Let us first remind ourselves that behind the technology that we create and ‘release’ into the world, there are people and organizations that ‘bake’ their values ​​into an algorithm, making numerous choices and assumptions. Artificial intelligence is not alchemy but a technology like any other, designed through numerous trade-offs, which in sensitive settings should be developed just as carefully as bridges, power stations or healthcare processes.

The potentially disruptive power of natural language processing on our media, and indirectly on our democratic processes, infrastructures and institutions demands that we revisit how responsibility for safety and justice are safeguarded. It also triggers fundamental questions about whether to develop a technology at all.

This irrevocably means integrating social perspectives and policy-relevant domain knowledge within and throughout the development and integration process of new algorithmic efforts, instead of treating implication questions as an afterthought. But most importantly, it should involve and empower the democratically legitimate authorities that can meaningfully develop the rules and regulation that is needed to counter the inevitable misuse of technology.
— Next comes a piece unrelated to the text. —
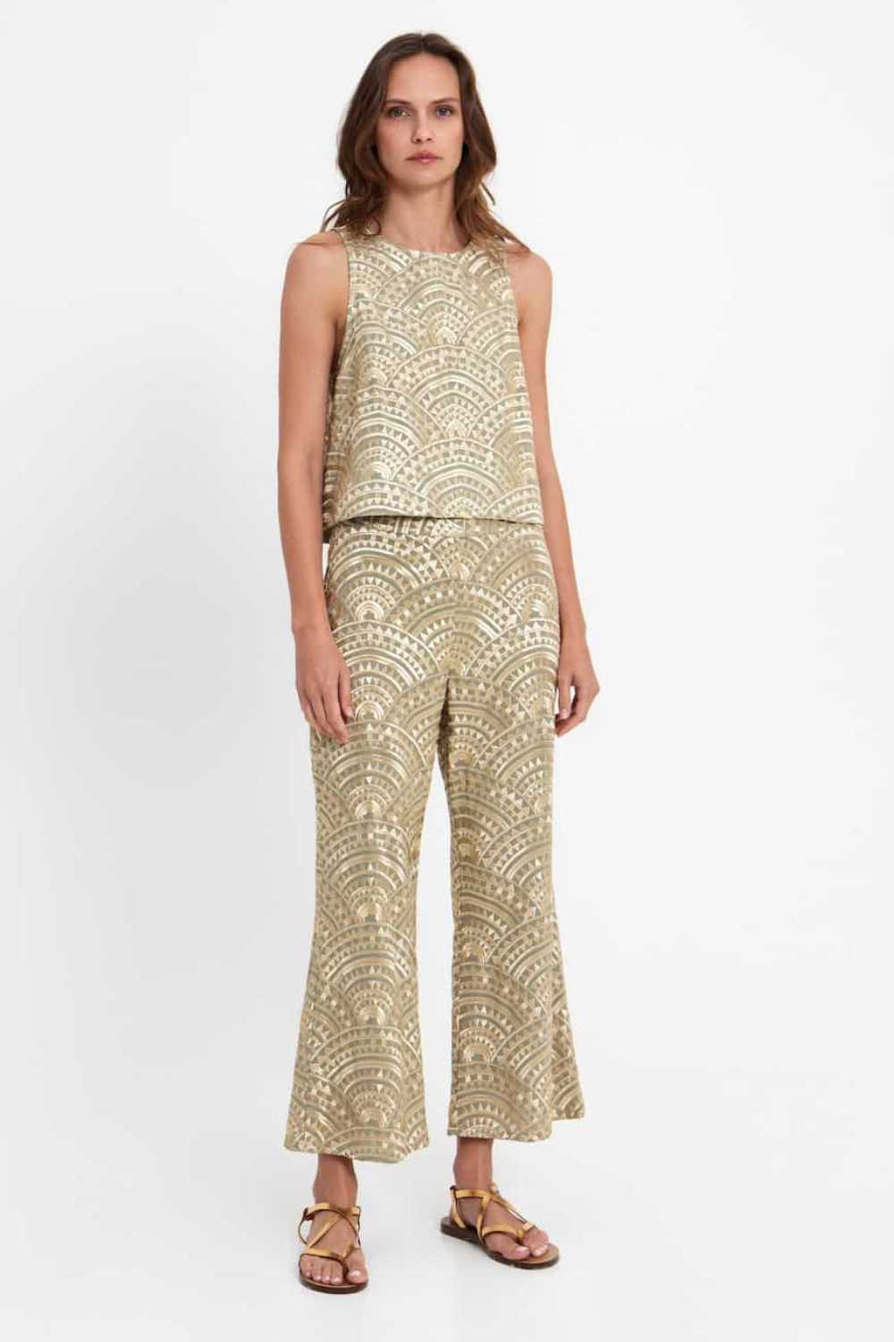 Greek Archaic Kori cotton pants in a high-waisted fit that falls into a crop and a slightly flared finish decorated with impressive embroidery in a geometric pattern.

I know this last point may sound naive, especially in the United States. The recently erected Partnership on AI has 80+ organizations, of which >50% non-profits. But the words “legal” or “regulation” are not named a single time, neither does any public agency show up on the list of organizations. Best practices and policy positions will not suffice. Let’s see what the Ethics Guidelines and Policy Recommendations currently drafted by a high level expert group for the European Commission yield. Hopefully, it succeeds in providing direction on how the General Data Protection Regulation (GDPR) should be complemented to control malicious uses of AI technologies.

In the meantime, for OpenAI to be truly open, and for the broader research community to have a meaningful impact on the actual societal consequences, let’s actively engage with the institutions that are or should be in charge of safeguarding and regulating the use of AI. Let’s motivate research not in terms of general purpose technology but as critical infrastructure. Let’s not be naive about technology being a neutral means, but ground our scientific questions in values that reflect the society that all of us want to live in. But first, let’s question the structures we operate in and how these might prevent us from making any meaningful contribution.